WHAT IS REQUIRED: With pictures omitted, transcribe exactly the lines from the one containing "不含人工添加劑、抗生素、荷爾蒙與基因改造成分,支持動物福利與環境保護。冷凍乾燥技術讓飼養更方便,只需 20 秒加水即可享用。" to the end of the records below.
*** DATASET ENTRIES ***
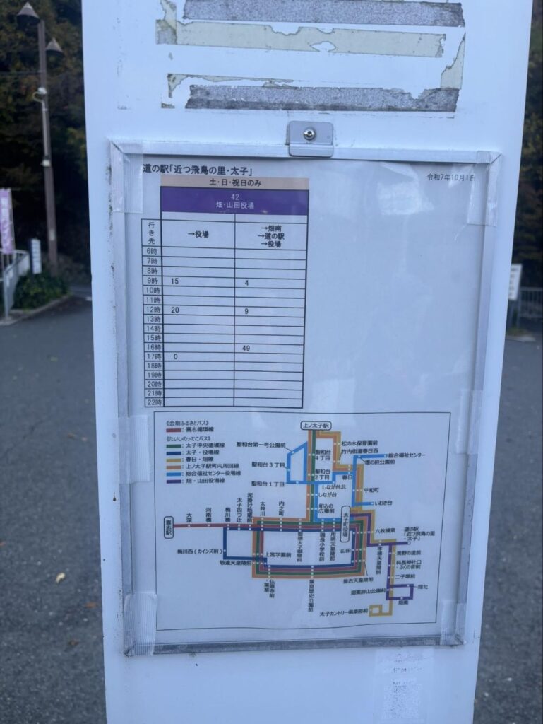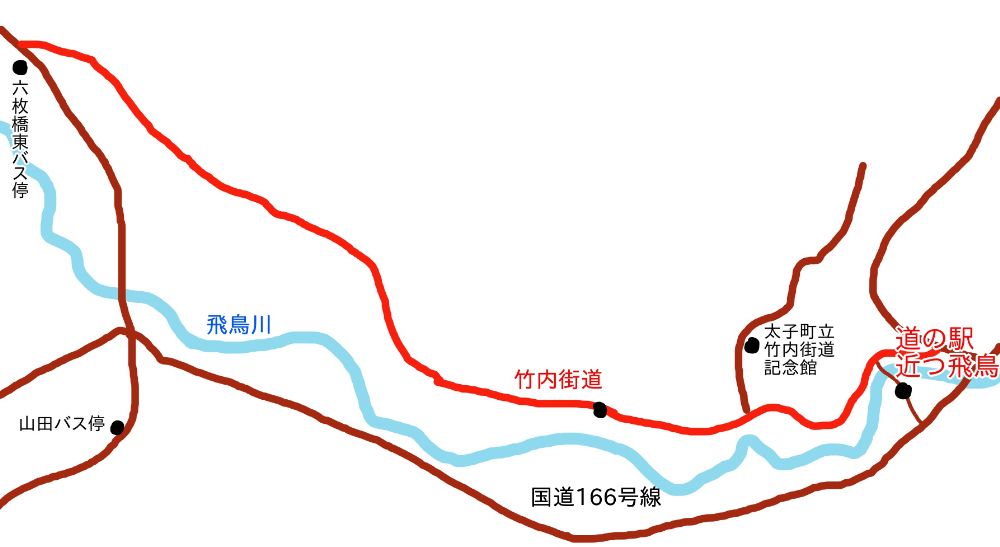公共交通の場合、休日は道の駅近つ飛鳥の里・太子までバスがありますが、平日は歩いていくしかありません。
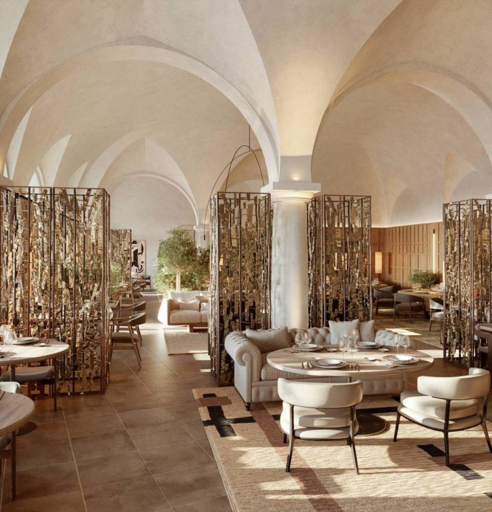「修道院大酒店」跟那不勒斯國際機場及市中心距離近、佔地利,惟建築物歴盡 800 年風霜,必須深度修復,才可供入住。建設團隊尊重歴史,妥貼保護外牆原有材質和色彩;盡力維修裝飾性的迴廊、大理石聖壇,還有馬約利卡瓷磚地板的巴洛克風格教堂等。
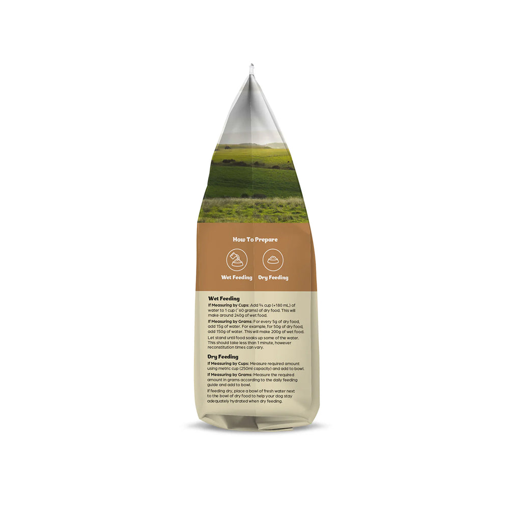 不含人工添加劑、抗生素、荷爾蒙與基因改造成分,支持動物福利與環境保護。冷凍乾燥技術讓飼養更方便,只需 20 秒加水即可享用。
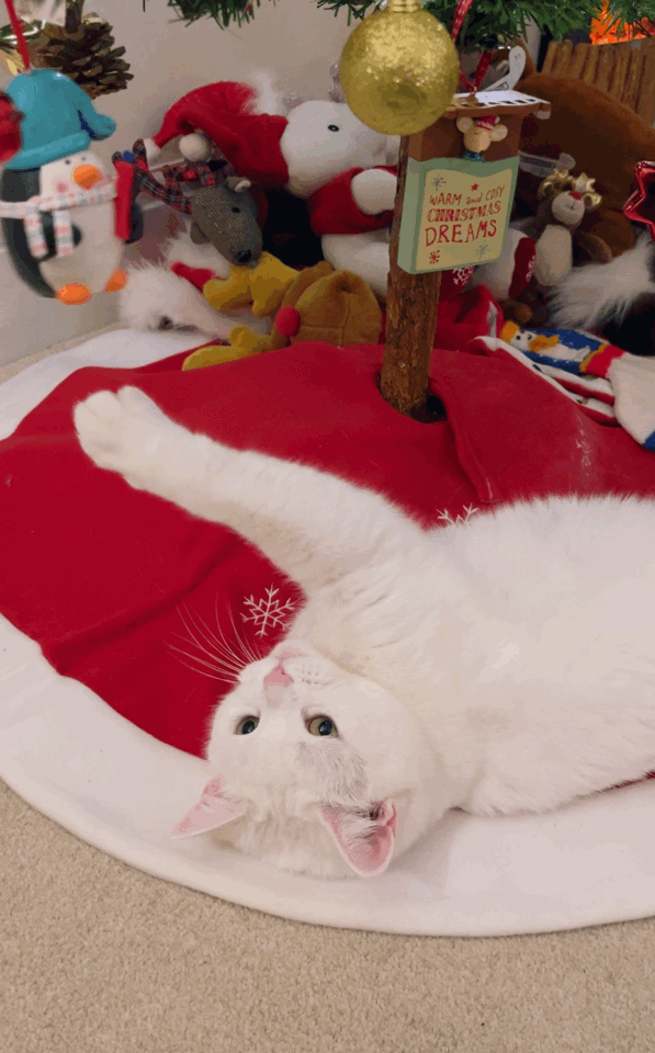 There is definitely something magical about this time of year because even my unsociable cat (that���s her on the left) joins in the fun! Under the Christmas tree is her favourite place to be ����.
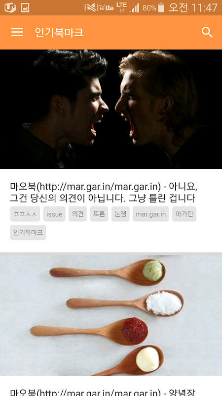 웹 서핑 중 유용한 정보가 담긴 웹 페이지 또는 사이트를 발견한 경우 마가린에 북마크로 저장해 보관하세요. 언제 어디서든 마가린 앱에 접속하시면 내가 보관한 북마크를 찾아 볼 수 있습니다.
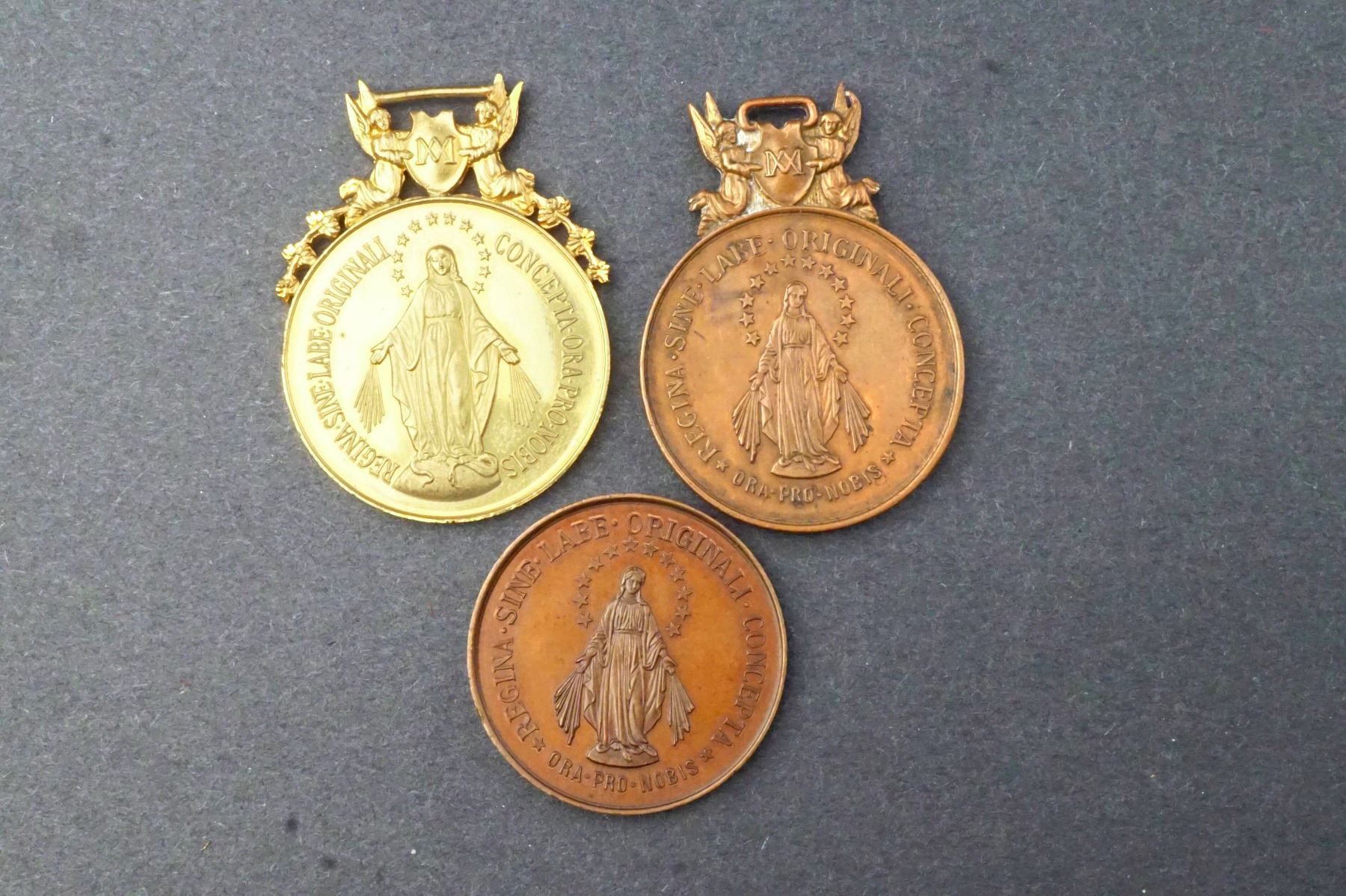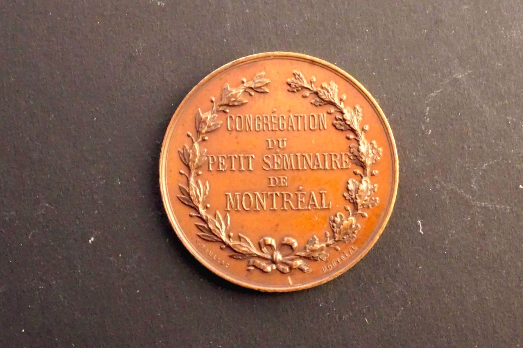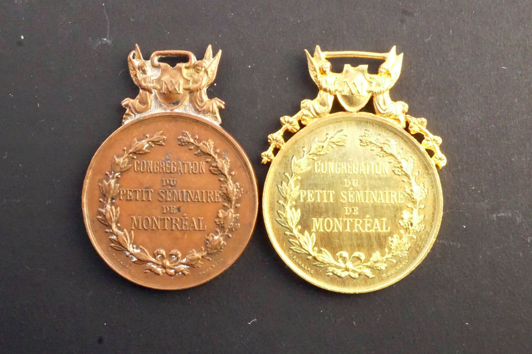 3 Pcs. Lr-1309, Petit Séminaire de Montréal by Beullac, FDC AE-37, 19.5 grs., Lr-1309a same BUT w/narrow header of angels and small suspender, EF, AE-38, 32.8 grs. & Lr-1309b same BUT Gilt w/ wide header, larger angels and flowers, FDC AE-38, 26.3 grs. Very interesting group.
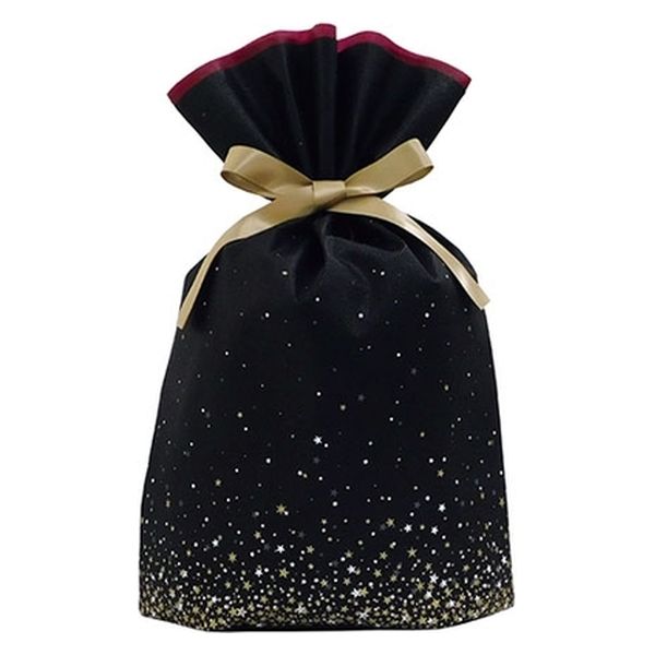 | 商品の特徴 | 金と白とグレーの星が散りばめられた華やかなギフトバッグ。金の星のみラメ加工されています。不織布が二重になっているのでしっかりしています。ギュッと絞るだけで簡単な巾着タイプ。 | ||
*** End of DATASET ENTRIES ***
ANSWER BELOW:
 不含人工添加劑、抗生素、荷爾蒙與基因改造成分,支持動物福利與環境保護。冷凍乾燥技術讓飼養更方便,只需 20 秒加水即可享用。
 There is definitely something magical about this time of year because even my unsociable cat (that���s her on the left) joins in the fun! Under the Christmas tree is her favourite place to be ����.
 웹 서핑 중 유용한 정보가 담긴 웹 페이지 또는 사이트를 발견한 경우 마가린에 북마크로 저장해 보관하세요. 언제 어디서든 마가린 앱에 접속하시면 내가 보관한 북마크를 찾아 볼 수 있습니다.
 3 Pcs. Lr-1309, Petit Séminaire de Montréal by Beullac, FDC AE-37, 19.5 grs., Lr-1309a same BUT w/narrow header of angels and small suspender, EF, AE-38, 32.8 grs. & Lr-1309b same BUT Gilt w/ wide header, larger angels and flowers, FDC AE-38, 26.3 grs. Very interesting group.
 | 商品の特徴 | 金と白とグレーの星が散りばめられた華やかなギフトバッグ。金の星のみラメ加工されています。不織布が二重になっているのでしっかりしています。ギュッと絞るだけで簡単な巾着タイプ。 | ||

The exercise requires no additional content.